Question

A supplier of a certain car parts chain of stores wants to estimate the average length of time car owners plan to keep their cars. From the past it is known that the standard deviation of the length of times car owners plan to keep their cars is 6.5 years. A random sample of 25 car owners results the average length of time of 7.2 years. Calculate and interpret a 99% confidence interval for the average length of time all car owners plan to keep their cars.

Answer 1

The 99% confidence interval for the average length of time all car owners plan to keep their cars is between 3.85 years and 10.55 years.

Explanation:

We have that to find our
`\alpha` level, that is the subtraction of 1 by the confidence interval divided by 2. So:

`\alpha = (1-0.99)/(2) = 0.005`

Now, we have to find z in the Ztable as such z has a pvalue of
`1-\alpha`.

So it is z with a pvalue of
`1-0.005 = 0.995`, so
`z = 2.575`

Now, find the margin of error M as such

`M = z*(\sigma)/(√(n))`

In which
`\sigma` is the standard deviation of the population and n is the size of the sample.

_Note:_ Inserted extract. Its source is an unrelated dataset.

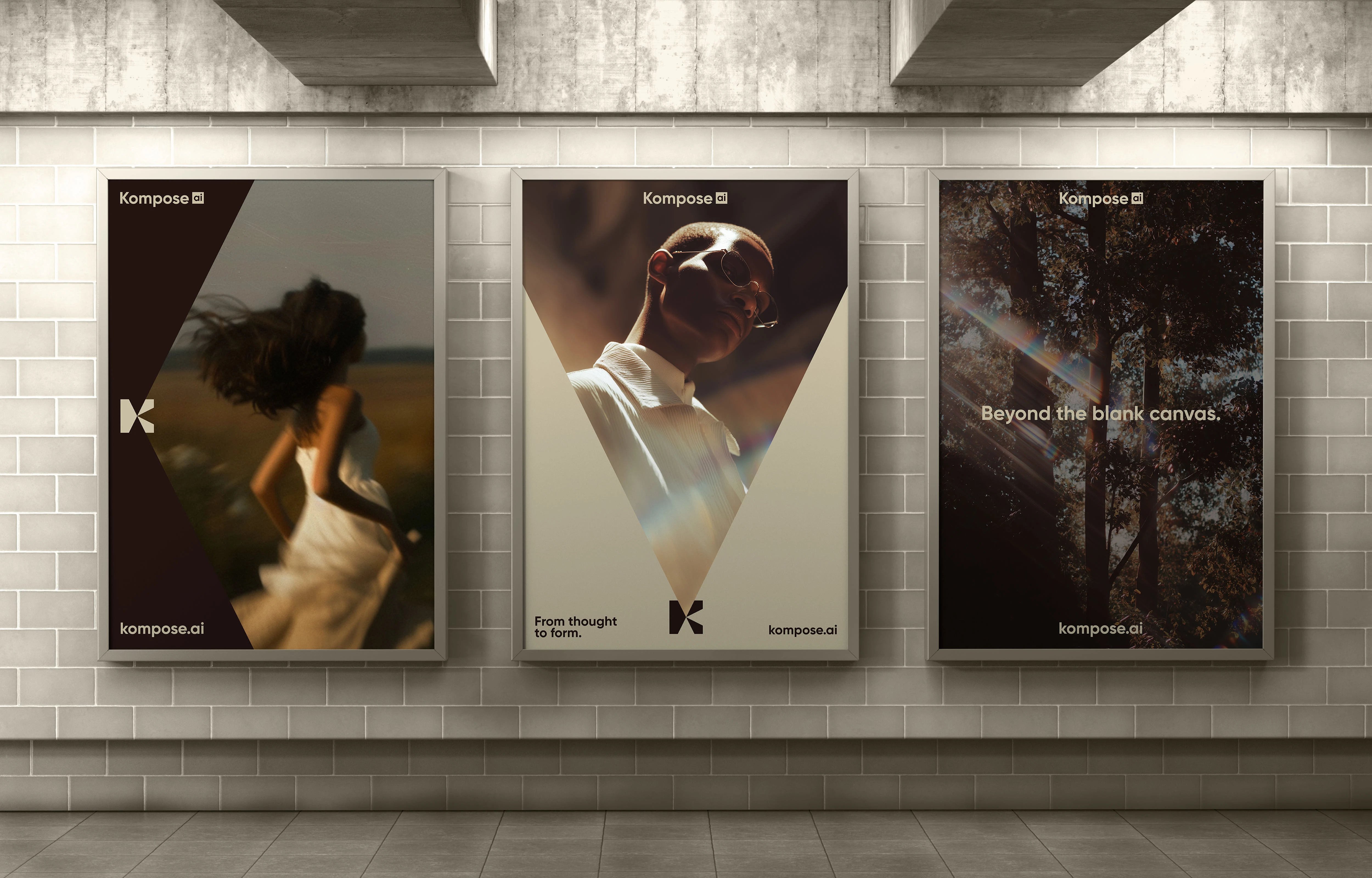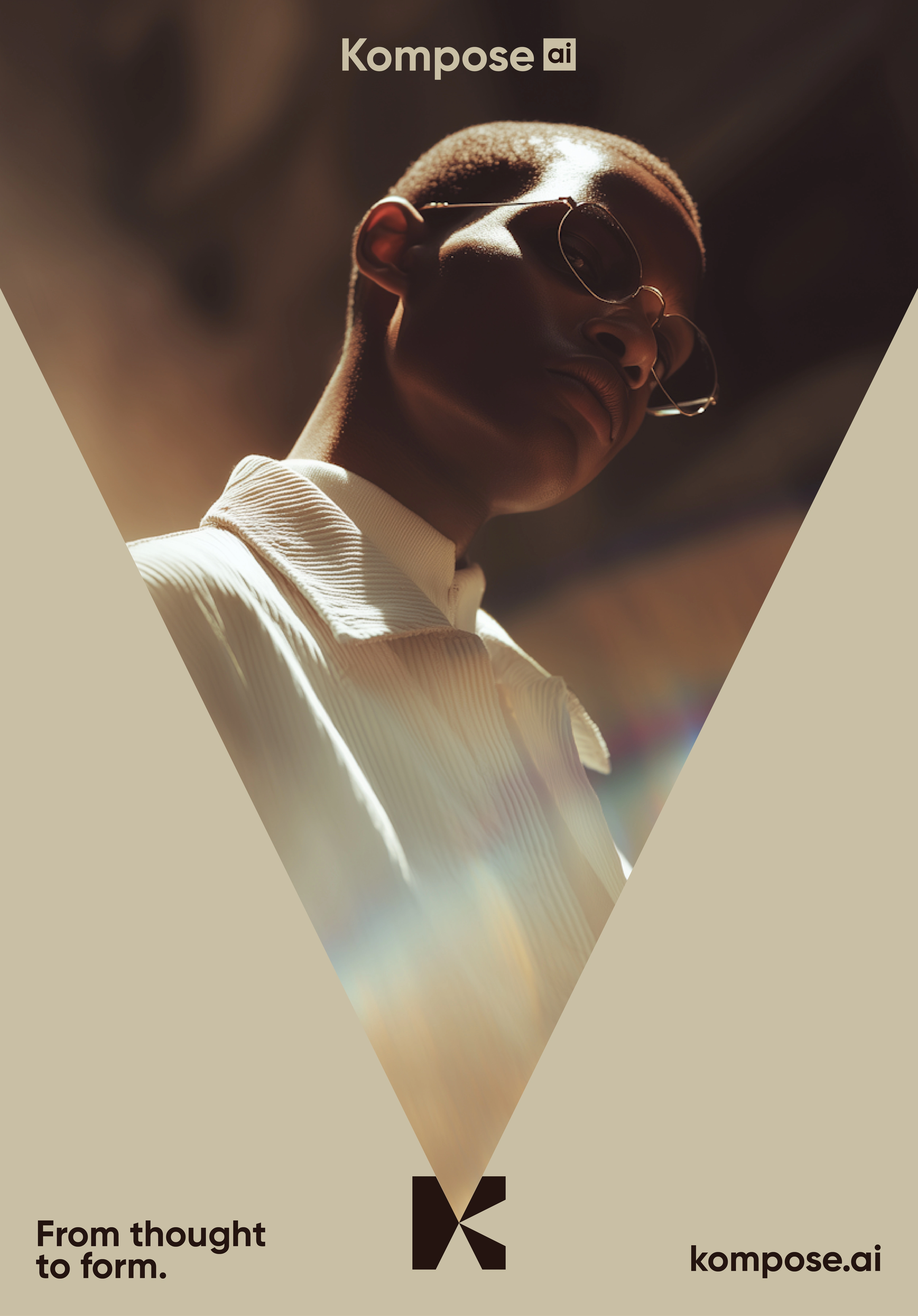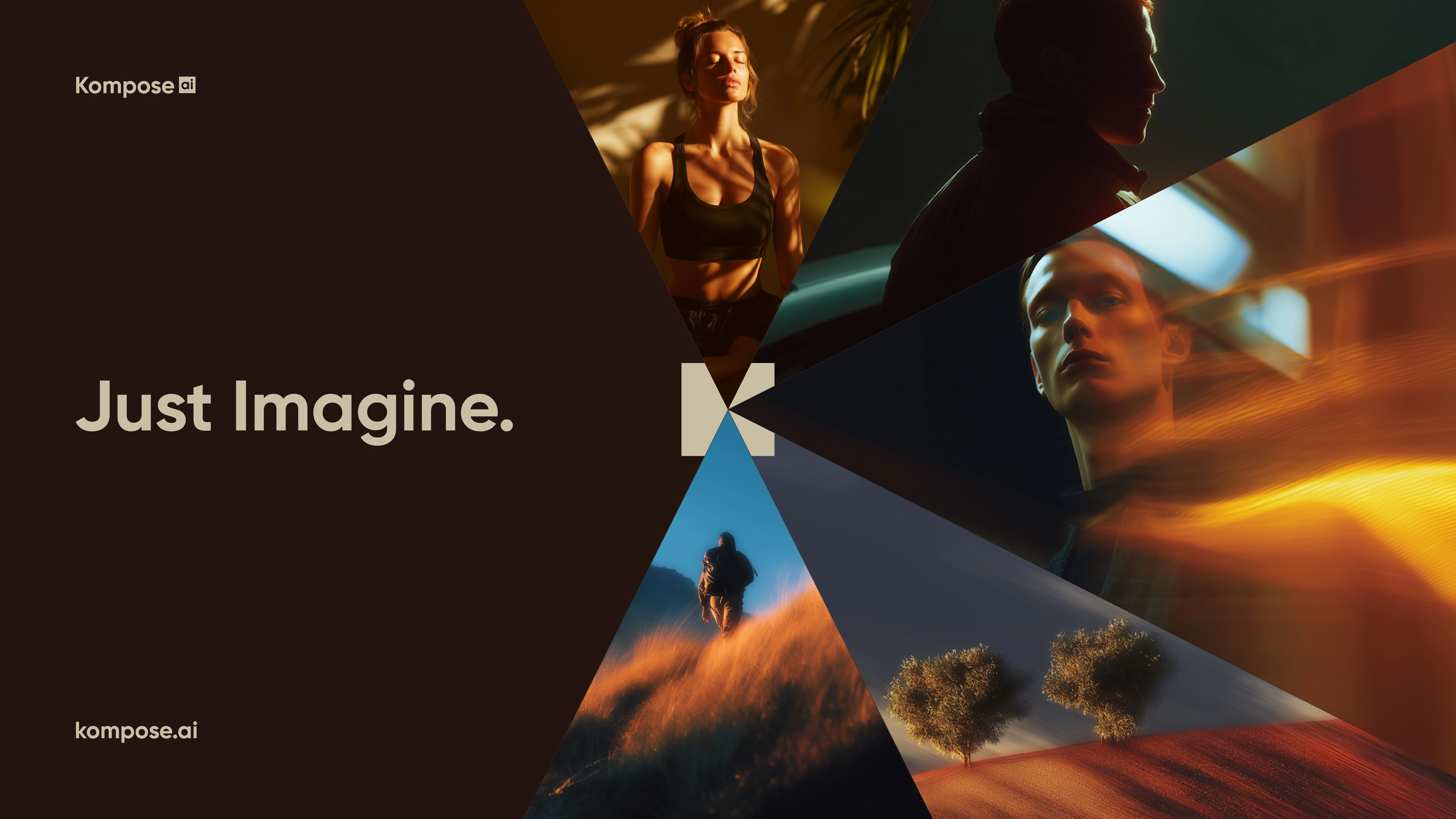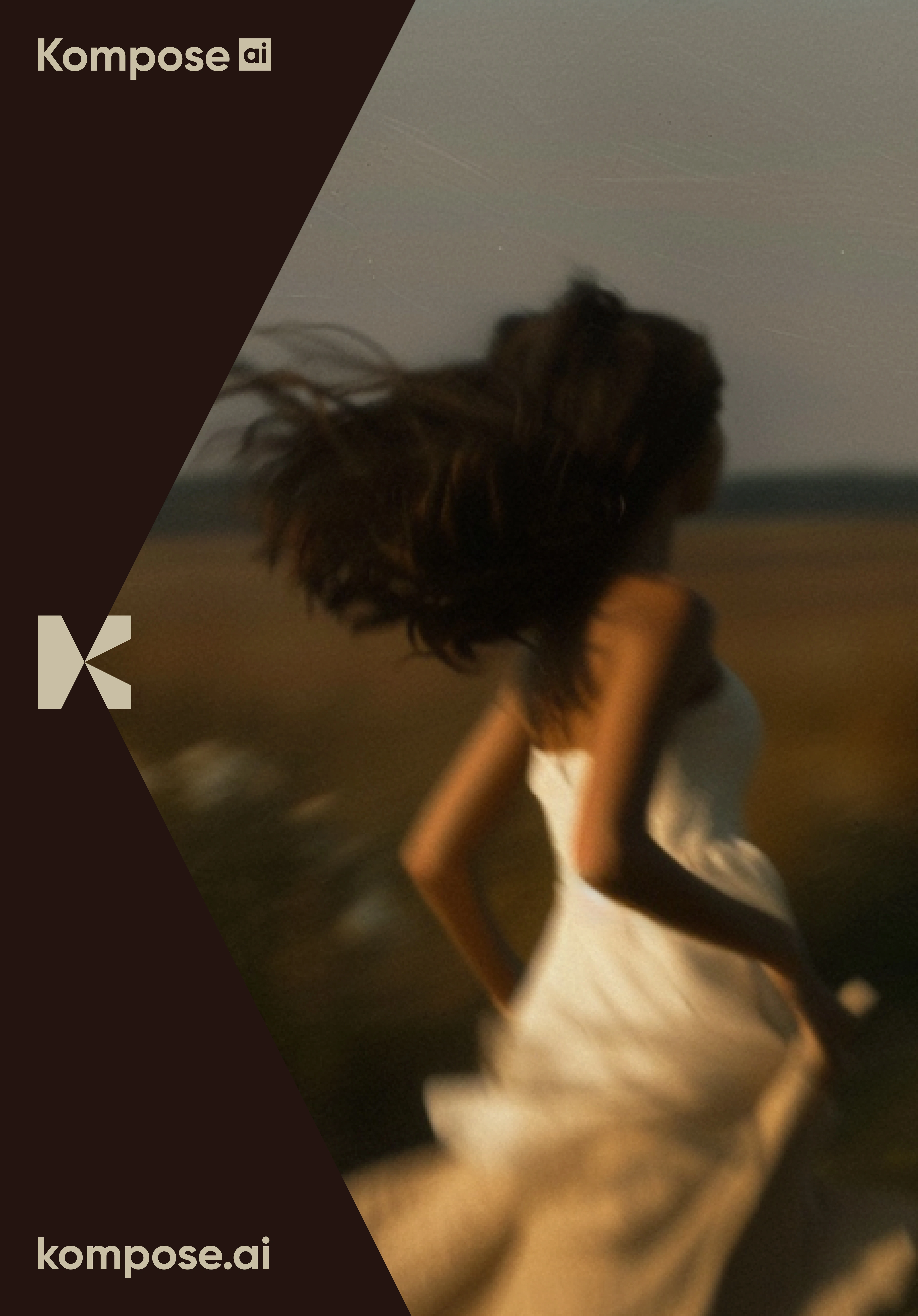 A restrained, almost editorial palette. Deep espresso brown as the base, warm bone as the counterweight. No neon, no gradients, no AI-cliché iridescence. The system is built to feel closer to a fashion publication than a tech product. The K-mark frames every image, turning each render into something seen through a lens, not generated in a tab. Type is a clean geometric sans, set tight and confident. Imagery does the emotional work. Cinematic light, real grain, soft motion, faces in shadow. The product is AI. The feeling is film.

`M = 2.575*(6.5)/(√(25)) = 3.35`

The lower end of the interval is the sample mean subtracted by M. So it is 7.2 - 3.35 = 3.85 years

The upper end of the interval is the sample mean added to M. So it is 7.2 + 3.35 = 10.55 years

The 99% confidence interval for the average length of time all car owners plan to keep their cars is between 3.85 years and 10.55 years.